Replacing a Toilet
Follow these instructions for removing an old toilet and installing a new one.
Turn off the water to the toilet tank by turning off the toilet stop or closet stop, which is by the base. Keep turning the handle clockwise until it shuts off.
Drain the tank by pushing the handle down and holding it until the water goes all the way down. Hold the handle until no more water goes down the hole. There will still be about 1 inch of water in the tank. Wipe all the water out using a sponge.
Use a small adjustable wrench to disconnect the toilet stop nut (Image 1). Disconnect the tank from the bowl by removing the bolts found inside the bottom of the tank.
Using a large screwdriver to support the head on the bolt, then turn the nut under the tank with an adjustable wrench (Image 2) until it is possible to remove the entire bolt from the tank. Repeat the process on all the bolts.
Disassemble and remove all parts inside the tank.

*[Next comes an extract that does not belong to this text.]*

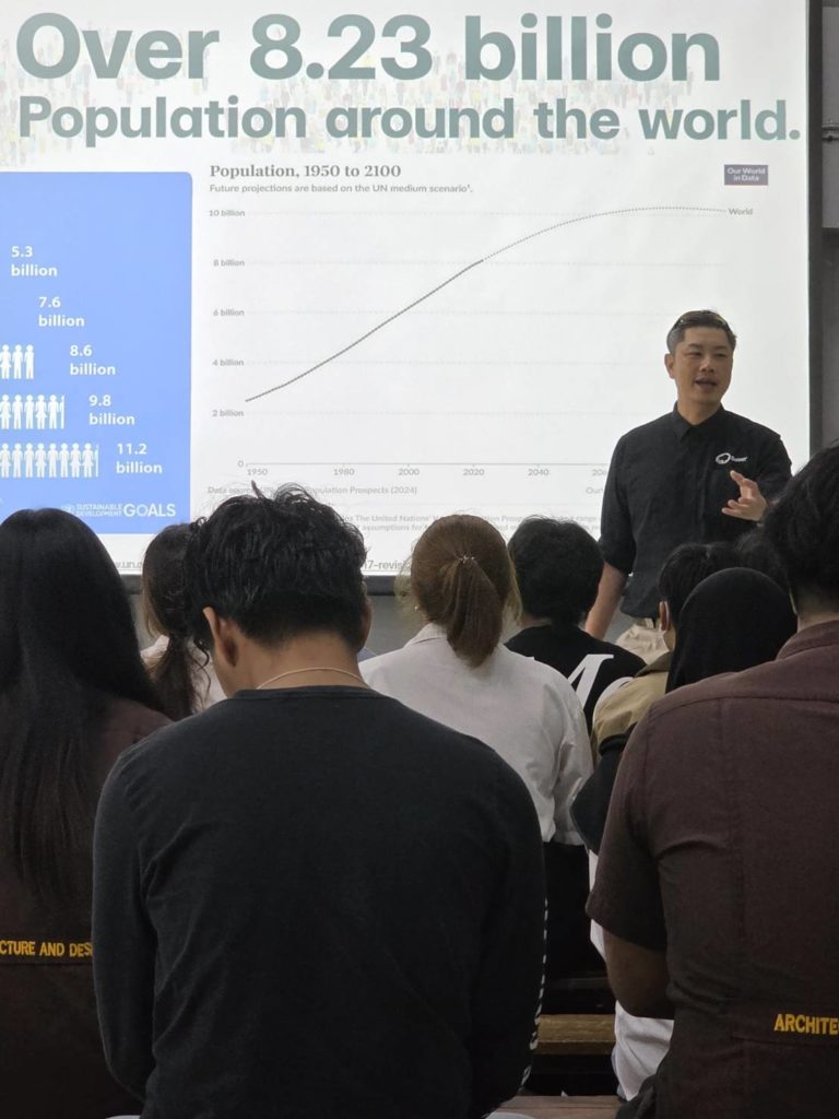 ตลอดระยะเวลา 13.30 – 15.00 น. ณ ห้อง Exhibition ชั้น 2 อาคารปฏิบัติการทางสถาปัตยกรรมและการออกแบบ บรรยากาศเต็มไปด้วยความสนใจจากนักศึกษาและผู้เข้าร่วมกิจกรรม ที่ได้เปิดมุมมองใหม่เกี่ยวกับบทบาทของสถาปนิกและนักออกแบบในยุคที่ “ความยั่งยืน” ไม่ใช่ทางเลือก แต่เป็นความรับผิดชอบร่วมกัน

When replacing the tank to bowl gasket, buy several types of gaskets to match up to the one being replaced. If none of them work, use a 'fit-all' gasket.
Carefully align the valve assembly. Gently push through the hole, then turn the locking ring hand tight (Image 1) to make a good seal.
Use large pliers to fully tighten the seal.
Guide the assembly through the hole, then put the tank seal into place that's located on the ballcock and hand tighten the locking nut. Use a small pair of slip-joint pliers to get a more secure fit (Image 2).
There are 21 pieces to install three tank-to-bowl nuts. Start off with the bolt then slide on a seal. Repeat this process for the other bolts.
It's time for the outside seals. Use the same process as before; squeeze all the rubber seals onto the bolts (Image 1). Once all the inside and outside seals are in place, slide the brass washers on and lock them into place with thinner nuts. Hand tighten; use an adjustable wrench to secure.
Start with the flexible supply line (Image 2). It has a heavy-duty seal that should be hand tightened, then use slip-joint pliers a quarter turn. Slide the handle through the hole and then tighten the bolt.
Don't forget to take the overfill tube and place it back into the hole (Image 3). The overfill tube is what fills up the bowl during the flushing cycle.
Position the tank on top of the bowl. Tighten all of the bolts using small slip-joint pliers and make sure the tank doesn't wobble.
Hold the handle all the way down while the water is filling into the bowl. This will reveal if there are any leaks before the bowl is full of water.
If the seal looks good, let off the handle to allow the bowl to fill up completely. Adjust the water level so it's 1/2 inch below the fill tube.